### [Dataset]
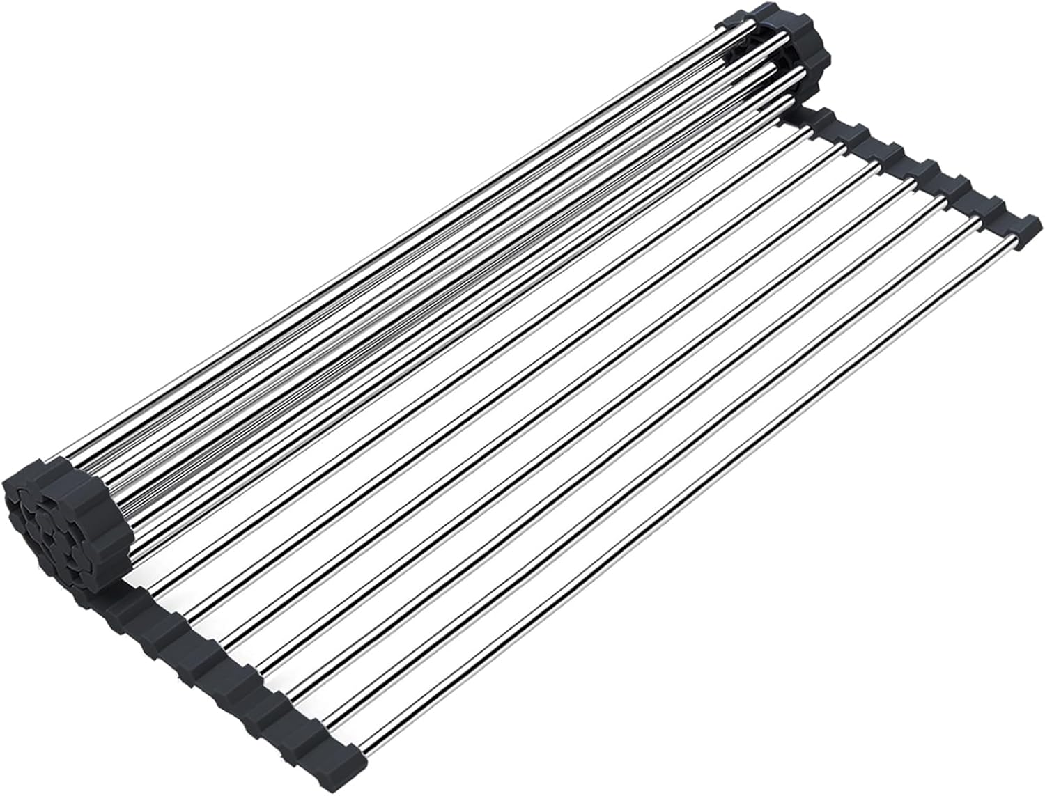 - Premium Quality, Durable and Safe : The foldable sink dish drying rack is made of 304 stainless steel tubes with firm construction that makes the collapsible cutting board over sink durable, rust resistant, waterproof and non-slip. The rollable kitchen drying rack is also made with soft silicone edge and BPA-free food grade material that can keep the safety of you and your family. The portable stainless steel rolling rack for sink is great for kitchen accessories and apartment necessities
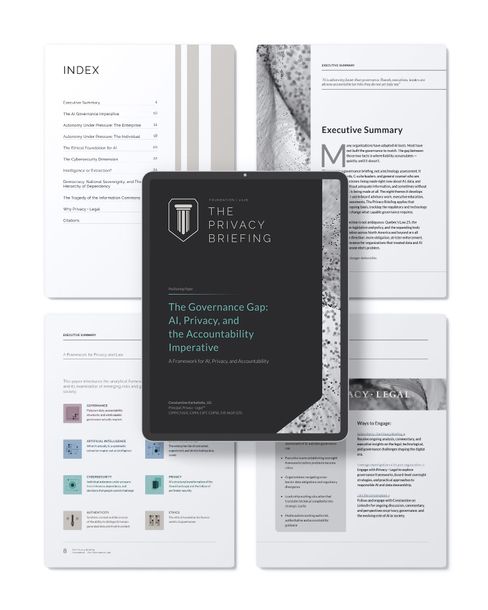 The Privacy Briefing is a dedicated resource for understanding how evolving data laws and AI practices affect your organization. This report provides a high level overview of the pressures, risks, and obligations leaders should be aware of, and how to navigate these challenges with certainty. Ongoing Privacy Briefing issues offer deeper, subject specific guidance as regulations and practices continue to evolve.
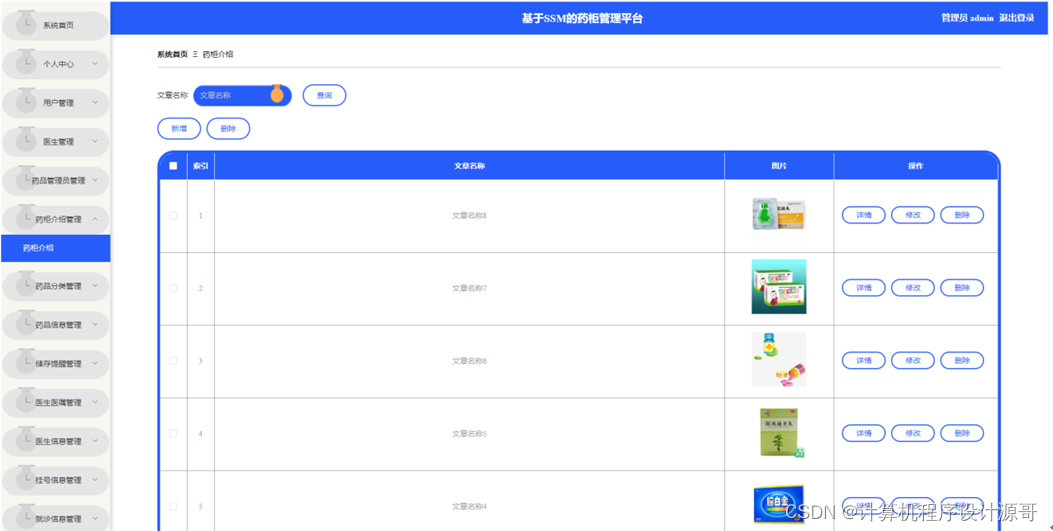 管理员点击药柜介绍管理。在药柜介绍页面输入文章名称进行查询、新增或删除药柜介绍列表,并根据需要对药柜介绍详情信息进行详情、修改或删除操作;如图5-11所示:
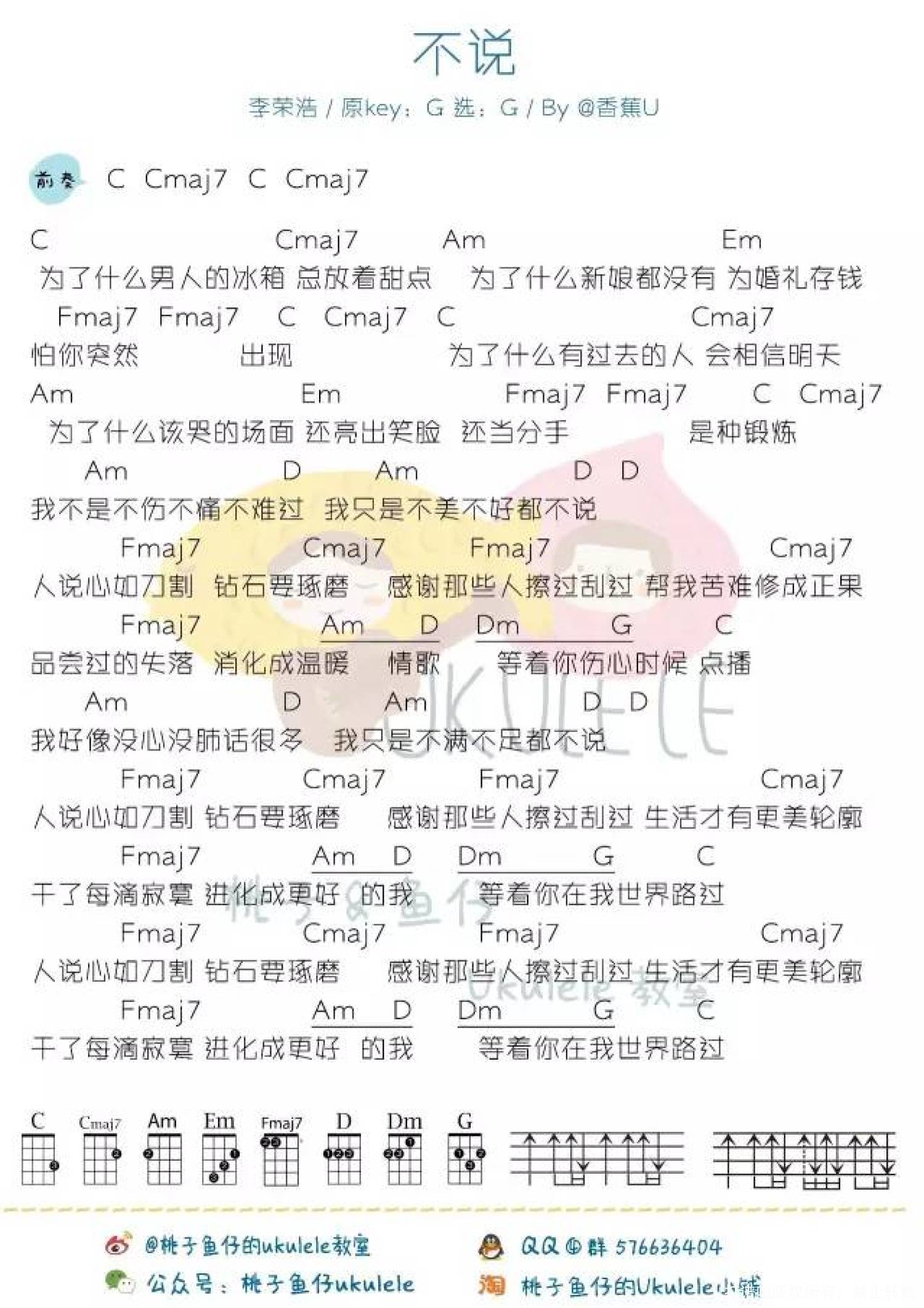 曲谱介绍: 李荣浩《不说》_C调尤克里里谱
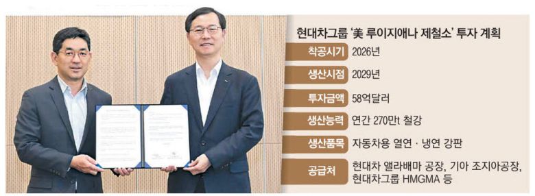 현대제철이 2029년까지 루이지애나에 건설하려는 연산 270만t 규모의 전기로 제철소에 포스코가 공동 투자하기로 했다. 제철소 건설을 위한 투자금액은 총 58억달러(약 8조2000억원)다. 현대차는 이 중 절반을 외부 투자로 충당할 계획이다. 포스코는 지분투자 시 미국의 25% 철강 관세 압박에서 벗어날 수 있는 현지 생산기지를 간접적으로 확보하게 된다.
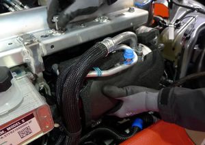 Install clip securing the coolant hose to the AC compressor bracket
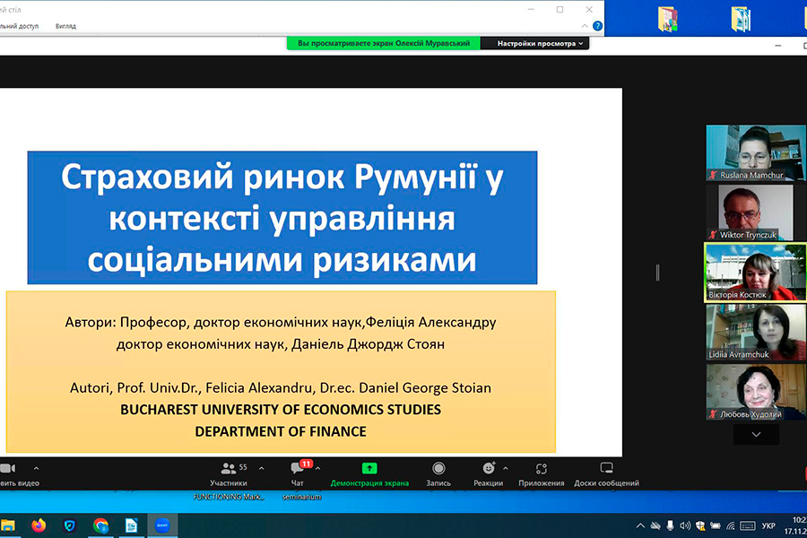 Фелічія Александру, д.е.н., професор Бухарестського університету економічних наук та Георг Стоян, д.е.н., професор Бухарестського університету економічних наук запропонували до обговорення доповідь на тему «Страховий ринок Румунії у контексті управління соціальними ризиками». Доповідь румунських колег була присвячена еволюції румунського страхового ринку, зокрема озвучено критичні моменти, які пройшов румунський ринок страхування.
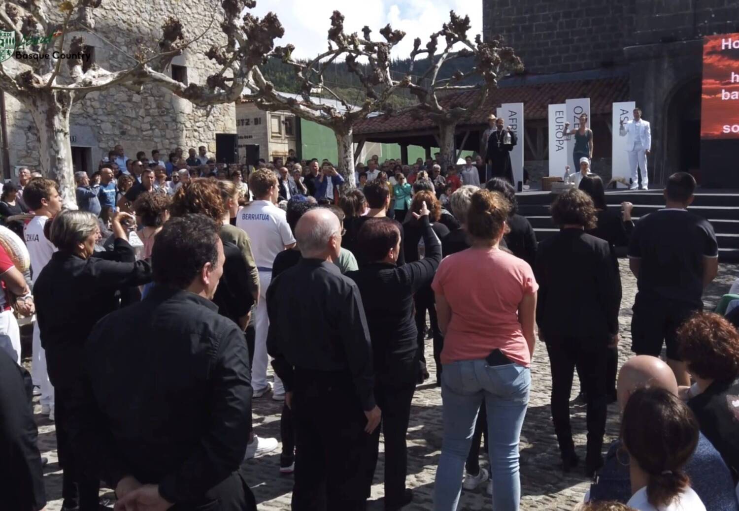 No sabíamos qué nos esperaba en este día, pero sí sabíamos que iba a ser algo muy especial. Y así fue. El acto central giró en torno a una representación en la que se teatralizaban las distintas razones por las que se ha ido alimentado la diáspora vasca en todo el mundo con los hijos de nuestra nación.
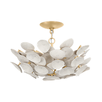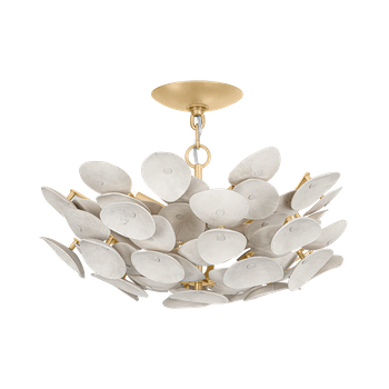 Delikatne dyski z bielonych muszli kokosowych otaczają ramę w stylu Vintage Gold Leaf, tworząc formę, która sprawia wrażenie zarówno organicznej, jak i wysokiej klasy. Dodaj kojący, luksusowy wygląd do każdego sufitu za pomocą tej nowoczesnej półprzeźrocz
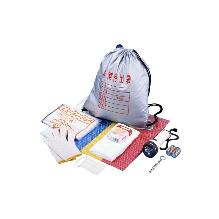 세트 내용:비상 반출대,할로겐 방수 라이트(전지부)고, 알루미늄제 whistle,레져 씨트,타올,구급반 창기름,쓰레기봉지(45L10매)고, 목장갑,불직포마스크
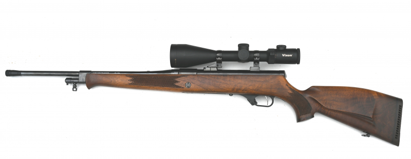 Solide und unverwüstliche österreichische Qualitätswaffe aus jahrzehntelangem Dornröschenschlaf, mit fabrikfrischem Zielfernrohr mit 11fach dimmbarem Leuchtpunkt, soeben mit neuer Knopfbatterie bestückt, tadellos funktionierend! Chassis wie neu! Mit originaler VIXEN-Schutzhülle.
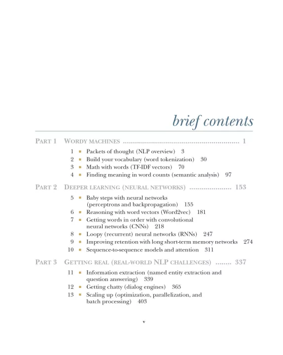 Natural Language Processing in Action is your guide to building machines that can read and interpret human language. In it, you'll use readily available Python packages to capture the meaning in text and react accordingly. The book expands traditional NLP approaches to include neural networks, modern deep learning algorithms, and generative techniques as you tackle real-world problems like extracting dates and names, composing text, and answering free-form questions.
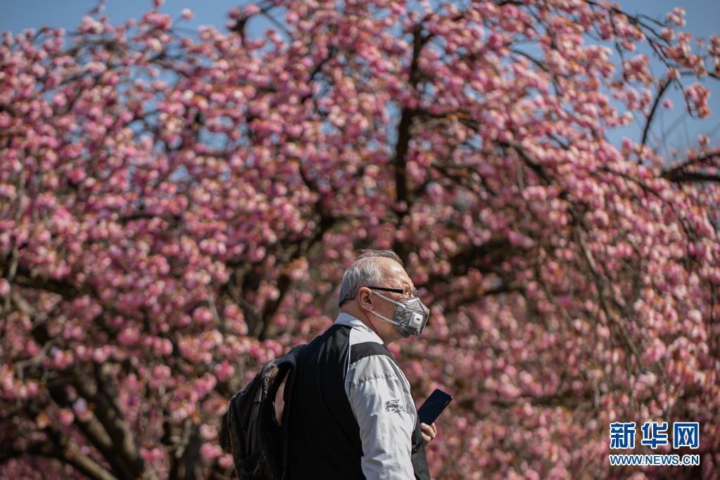 4月20日,一名男子在法国巴黎近郊的国玺公园欣赏樱花。
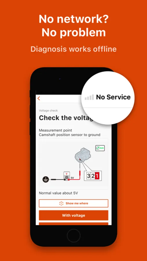 The app works without a network, so you can perform diagnostics even when you're out of network range.
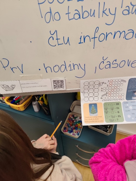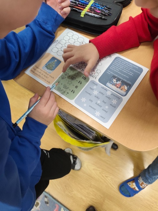 Ve čtvrtek se děti vrhly na vánoční pátračku ve dvojicích, kdy po splnění úkolu odemykaly digitální zámek, který jim prozradil část věty. Po složení šesti slov je věta navedla, že na ně čeká odměna v šatně v bundě...byla sladká.

### [Your objective]
Pictures excluded, give again exactly and only the lines of the material above from the line with "The Privacy Briefing" through the line with "No sabíamos qué".

### [Final answer]
 The Privacy Briefing is a dedicated resource for understanding how evolving data laws and AI practices affect your organization. This report provides a high level overview of the pressures, risks, and obligations leaders should be aware of, and how to navigate these challenges with certainty. Ongoing Privacy Briefing issues offer deeper, subject specific guidance as regulations and practices continue to evolve.
 管理员点击药柜介绍管理。在药柜介绍页面输入文章名称进行查询、新增或删除药柜介绍列表,并根据需要对药柜介绍详情信息进行详情、修改或删除操作;如图5-11所示:
 曲谱介绍: 李荣浩《不说》_C调尤克里里谱
 현대제철이 2029년까지 루이지애나에 건설하려는 연산 270만t 규모의 전기로 제철소에 포스코가 공동 투자하기로 했다. 제철소 건설을 위한 투자금액은 총 58억달러(약 8조2000억원)다. 현대차는 이 중 절반을 외부 투자로 충당할 계획이다. 포스코는 지분투자 시 미국의 25% 철강 관세 압박에서 벗어날 수 있는 현지 생산기지를 간접적으로 확보하게 된다.
 Install clip securing the coolant hose to the AC compressor bracket
 Фелічія Александру, д.е.н., професор Бухарестського університету економічних наук та Георг Стоян, д.е.н., професор Бухарестського університету економічних наук запропонували до обговорення доповідь на тему «Страховий ринок Румунії у контексті управління соціальними ризиками». Доповідь румунських колег була присвячена еволюції румунського страхового ринку, зокрема озвучено критичні моменти, які пройшов румунський ринок страхування.
 No sabíamos qué nos esperaba en este día, pero sí sabíamos que iba a ser algo muy especial. Y así fue. El acto central giró en torno a una representación en la que se teatralizaban las distintas razones por las que se ha ido alimentado la diáspora vasca en todo el mundo con los hijos de nuestra nación.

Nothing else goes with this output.